(Records excerpted from a collection)
• • • • •

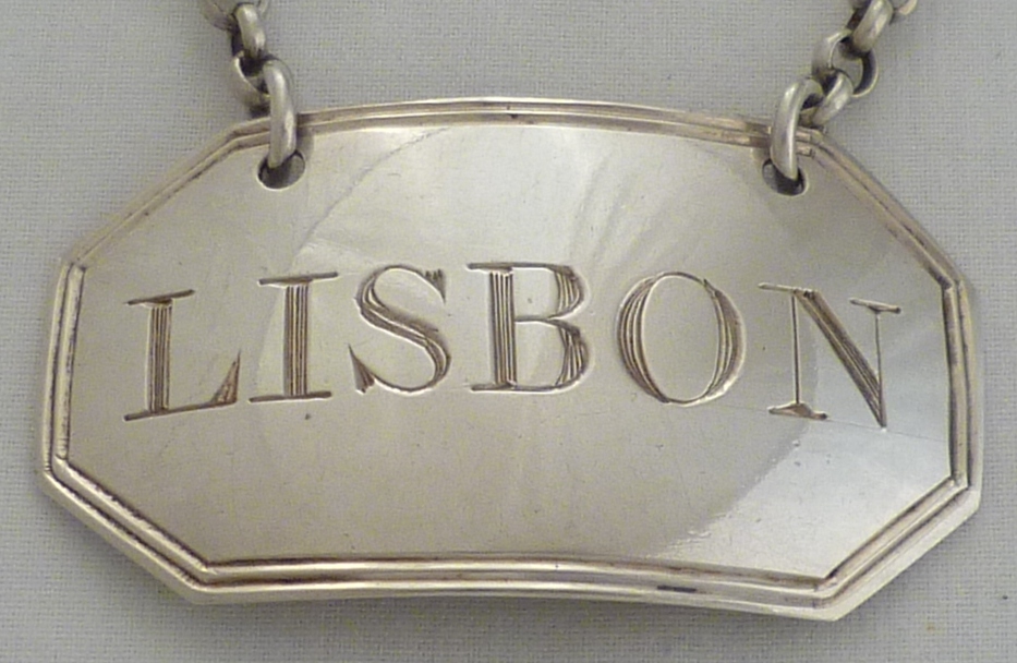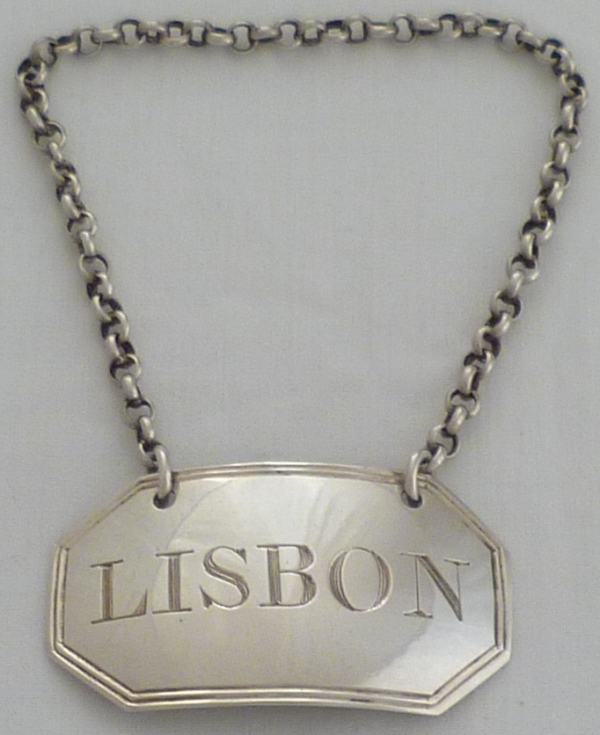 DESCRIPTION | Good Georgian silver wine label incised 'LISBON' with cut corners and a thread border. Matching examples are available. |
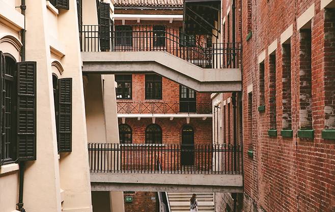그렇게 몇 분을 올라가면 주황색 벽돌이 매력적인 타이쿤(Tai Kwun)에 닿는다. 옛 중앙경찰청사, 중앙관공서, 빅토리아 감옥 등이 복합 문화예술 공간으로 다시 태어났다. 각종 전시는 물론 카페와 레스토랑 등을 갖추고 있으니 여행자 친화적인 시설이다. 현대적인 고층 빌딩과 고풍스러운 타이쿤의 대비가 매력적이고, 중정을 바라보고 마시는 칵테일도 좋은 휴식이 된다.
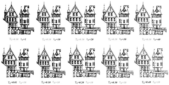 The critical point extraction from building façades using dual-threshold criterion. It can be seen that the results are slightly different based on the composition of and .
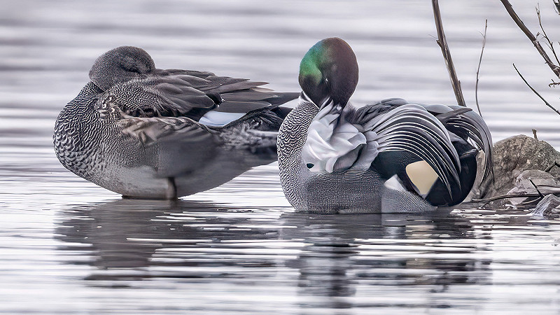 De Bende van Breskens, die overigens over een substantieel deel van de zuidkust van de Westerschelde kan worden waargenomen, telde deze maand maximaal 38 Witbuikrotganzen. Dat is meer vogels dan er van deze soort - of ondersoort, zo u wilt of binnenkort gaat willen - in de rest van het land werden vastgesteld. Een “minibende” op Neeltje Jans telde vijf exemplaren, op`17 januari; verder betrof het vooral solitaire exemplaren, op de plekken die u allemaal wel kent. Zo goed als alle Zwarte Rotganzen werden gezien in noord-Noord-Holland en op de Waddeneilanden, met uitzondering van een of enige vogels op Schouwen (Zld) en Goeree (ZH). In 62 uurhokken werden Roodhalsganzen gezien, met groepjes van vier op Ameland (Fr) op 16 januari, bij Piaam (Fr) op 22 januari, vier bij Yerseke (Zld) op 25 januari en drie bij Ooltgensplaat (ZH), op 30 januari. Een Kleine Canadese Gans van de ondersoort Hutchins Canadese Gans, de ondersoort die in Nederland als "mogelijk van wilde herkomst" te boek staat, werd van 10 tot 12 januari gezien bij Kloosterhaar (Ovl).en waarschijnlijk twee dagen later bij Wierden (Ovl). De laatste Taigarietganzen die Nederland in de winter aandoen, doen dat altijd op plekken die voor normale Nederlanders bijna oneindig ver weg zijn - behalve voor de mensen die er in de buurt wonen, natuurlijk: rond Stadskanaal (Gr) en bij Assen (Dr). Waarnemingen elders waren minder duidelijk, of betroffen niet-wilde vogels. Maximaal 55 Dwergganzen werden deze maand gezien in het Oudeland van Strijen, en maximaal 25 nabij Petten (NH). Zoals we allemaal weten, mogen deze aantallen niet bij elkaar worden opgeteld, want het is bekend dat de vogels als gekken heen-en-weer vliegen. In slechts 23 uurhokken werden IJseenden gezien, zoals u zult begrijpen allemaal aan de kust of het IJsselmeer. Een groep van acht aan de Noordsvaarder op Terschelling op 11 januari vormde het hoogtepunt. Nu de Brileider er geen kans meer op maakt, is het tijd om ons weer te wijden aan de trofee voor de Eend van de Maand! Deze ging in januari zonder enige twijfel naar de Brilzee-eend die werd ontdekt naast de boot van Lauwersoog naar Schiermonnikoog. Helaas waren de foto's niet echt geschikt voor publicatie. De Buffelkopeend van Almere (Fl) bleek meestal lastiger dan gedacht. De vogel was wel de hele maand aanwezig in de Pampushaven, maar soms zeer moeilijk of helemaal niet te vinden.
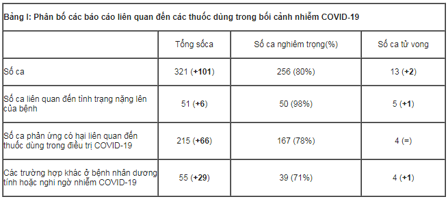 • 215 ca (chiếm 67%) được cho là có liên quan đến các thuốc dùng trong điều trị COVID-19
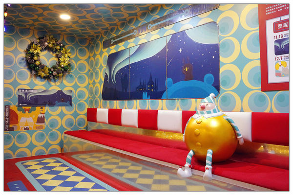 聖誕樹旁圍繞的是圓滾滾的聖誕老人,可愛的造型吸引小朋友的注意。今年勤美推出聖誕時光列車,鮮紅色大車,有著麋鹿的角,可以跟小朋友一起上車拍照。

• • • • •

» WHAT TO WORK ON: Beginning with the first entry above, reproduce every line verbatim until the line with "The critical point", which is included too; omit pictures.

» WRITTEN RESPONSE:
 DESCRIPTION | Good Georgian silver wine label incised 'LISBON' with cut corners and a thread border. Matching examples are available. |
그렇게 몇 분을 올라가면 주황색 벽돌이 매력적인 타이쿤(Tai Kwun)에 닿는다. 옛 중앙경찰청사, 중앙관공서, 빅토리아 감옥 등이 복합 문화예술 공간으로 다시 태어났다. 각종 전시는 물론 카페와 레스토랑 등을 갖추고 있으니 여행자 친화적인 시설이다. 현대적인 고층 빌딩과 고풍스러운 타이쿤의 대비가 매력적이고, 중정을 바라보고 마시는 칵테일도 좋은 휴식이 된다.
 The critical point extraction from building façades using dual-threshold criterion. It can be seen that the results are slightly different based on the composition of and .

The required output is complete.